Readers of Wirepoints won’t be surprised with Moody’s conclusion. We’ve highlighted Illinois’ growing structural deficits, mass of unpaid bills and true retirement costs in the recent past:
- Moody’s vs. Illinois politicians: $100 billion difference in pension debts
- Illinois’ other debt disaster: $73 billion in unfunded state retiree health benefits
- Overpromising has crippled public pensions: A 50-state survey
- Why Warren Buffett is right to warn about Illinois: The state’s true retirement costs now total 50% of annual budget
- Why some Illinois R’s are making the wrong argument against a progressive income tax
Illinois scored badly on three of Moody’s four measures.

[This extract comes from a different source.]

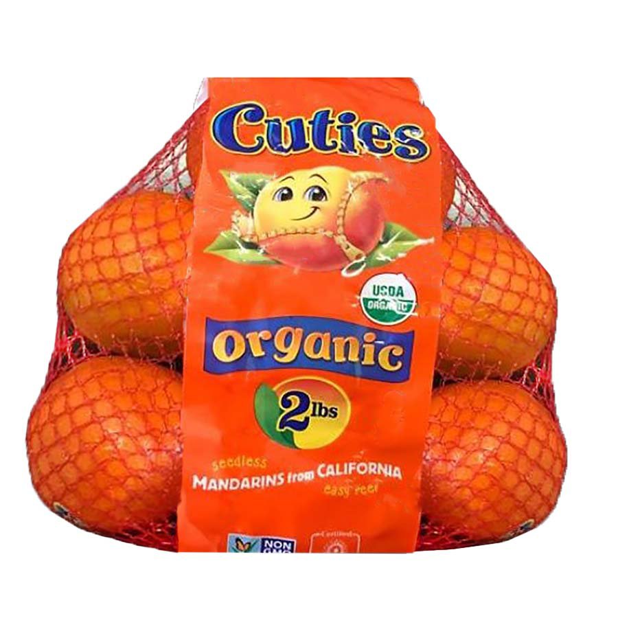 Seedless California Mandarins - Cuties Citrus Products 90 Calories 70% Vitamin C 12% Fiber 8% Potassium per serving. Full Nutrition Info. Sizes Available. 2 lb Bag . 3 lb Bag . 5 lb Bag . 5 lb Box . Easy-to-Peel . Little hands love to unwrap and enjoy Cuties. ...

Moody’s says Illinois has some of the worst financial reserves of any state in the nation. Only four states have less available cash on hand to pay for emergencies than Illinois does.

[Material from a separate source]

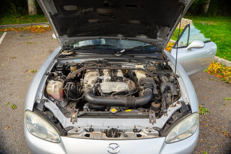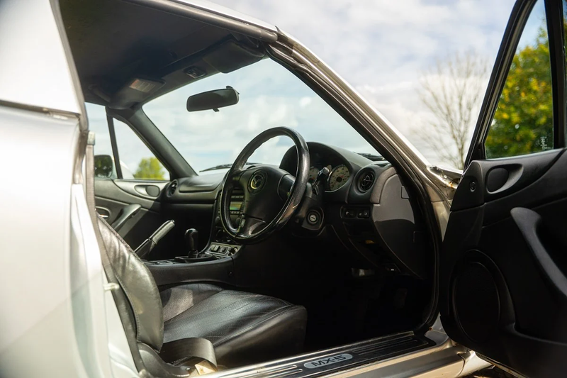 Deze 2001 1.8L Sport heeft minder dan 50.000 mijl afgelegd in handen van twee eigenaren. Uitgevoerd in zilver met een zwarte lederen cabine, is het een nette en bruikbare illustratie met ruimte voor verbetering. De onderhoudsrapporten tonen aanzienlijke recente investeringen, waaronder een nieuw blauw mohair-dak met glas-in-zet in 2023 en een remrevisie in 2024. Het remwerk omvatte remklauwen, schijven, remblokken en een vloeistofverversing. De banden zijn onlangs ook vervangen.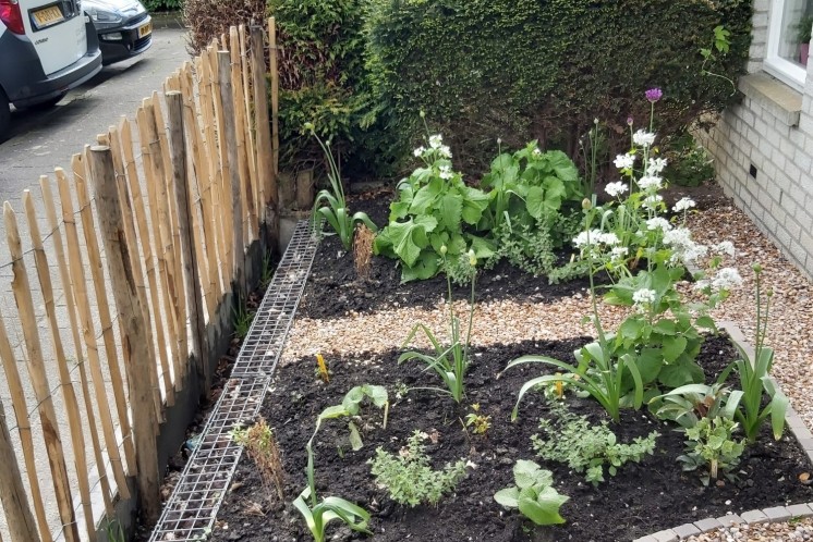 Samen met de buren hebben Jaap en Marlies van hun bestrate voortuin een groene tuin gemaakt door de stenen eruit te halen en een wadi aan te leggen.

The agency also found that Illinois has very little financial flexibility to deal with a recession. Nearly 40 percent of Illinois’ annual budget is consumed by “fixed costs” like pensions, debt service and Medicaid. Illinois is the nation’s outlier. That means core spending on other priorities like education, social services and public safety would be cut under a harmful recession.
The agency also found Illinois is the extreme outlier when it comes to the damage a recession would wreak on its pension funds. Illinois stands alone as the worst off in the nation according to Moody’s pension “stress test.” No only would a recession force economically-struggling Illinoisans to pay billions more into pensions when they can least afford it, but it could also bring many funds to the brink of total insolvency, risking benefits for government workers.
The only measure Illinois scored average on was “revenue volatility.” Illinois’ flat income tax keeps revenues fairly stable in comparison to states “relying on the highest earners through high and progressive personal income tax rates.” Any move to a progressive tax scheme in Illinois will increase the state’s revenue volatility.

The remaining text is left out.